I am OK with the following also:

echo abc | ruby -p -e "sub('a','A');sub('b', 'B')"
ABc

But:

echo abc | ruby -p -e "sub('a','A').sub('b', 'B')"
Abc

I expect the result to be "ABc" as well, why is it not? The second sub('b', 'B') is not operational.

CodePudding user response：

The two cases look similar, but in fact you are running different methods from the Ruby core library in them:

In your first case, i.e. sub('a','A');sub('b', 'B'):

You are running both sub without specifying an explicit receiver, and therefore you are invoking the method Kernel#sub. The Ruby-Doc says about this method:

sub(pattern, replacement) → $_

Equivalent to $_.sub(args), except that $_ will be updated if substitution occurs. Available only when -p/-n command line option specified.

Hence, in the first example, you really invoke that Kernel#sub twice, and after each invocation, $_ is updated. Therefore, $_ is ABc after the second sub has been executed. At the end of the of the whole expression supplied by -e (i.e. at the end of the implicit loop provided by the -p option), the value of $_ is printed, and you see ABc.
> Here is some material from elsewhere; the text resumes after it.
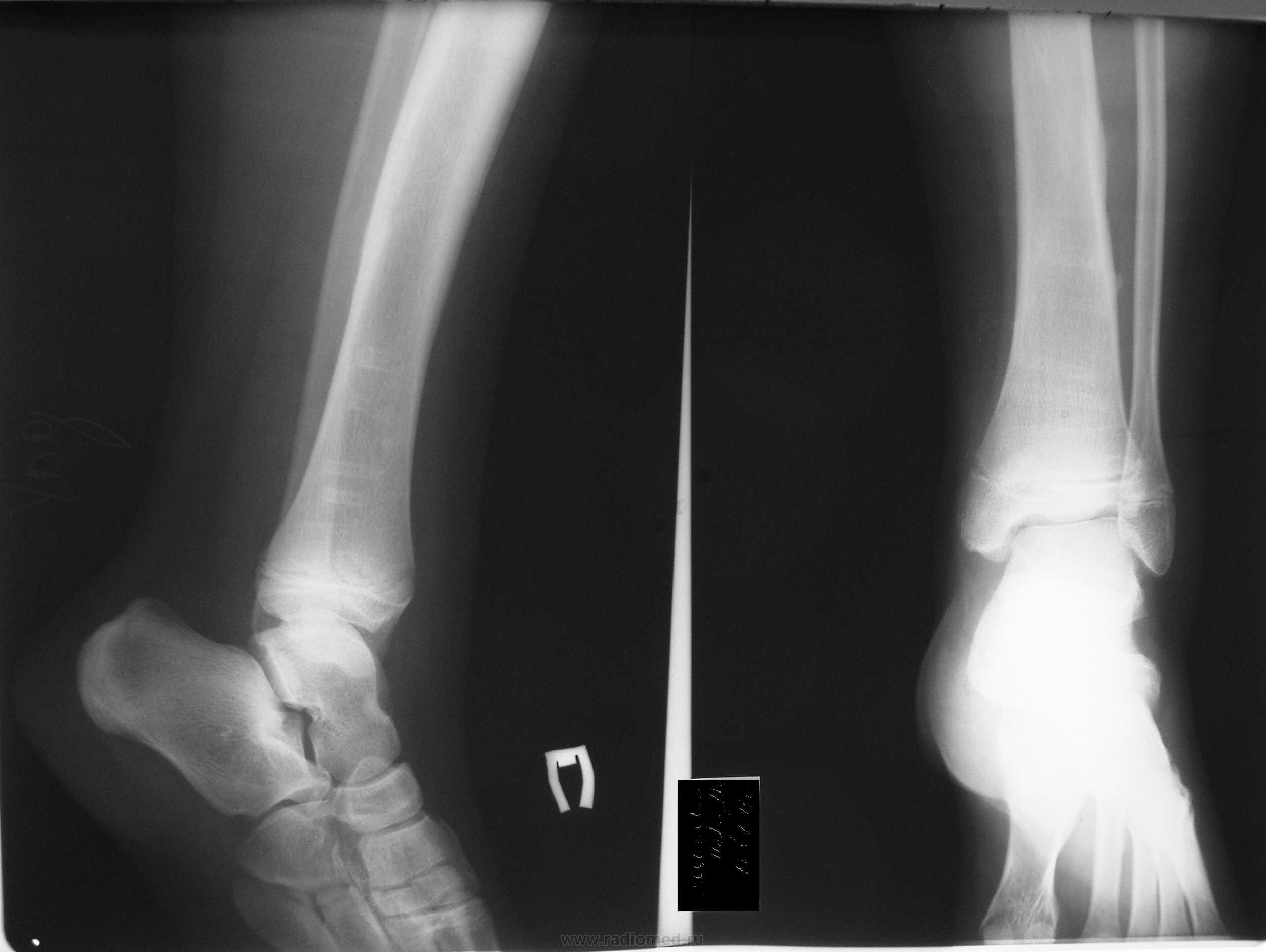Девочка, 12 лет предъявляет жалобы на боли в правом голеностопном суставе при нагрузке. Два года назад был перелом нижней трети большеберцовой кости с фиксацией винтами. Ваше мнение?

In your second example, i.e.

sub('a','A').sub('b', 'B')

The first sub again is Kernel#sub, as before. It has the effect of turning the string into Abc, and also sets $_ to Abc. However, the second sub now does have an explicit receiver (the string resulting from the first sub), and in this case, the method String#sub is executed. This method produces ABc, but different to Kernel#sub, it does not update $_. Therefore, $_ is still set to Abc, and this is what you see as output.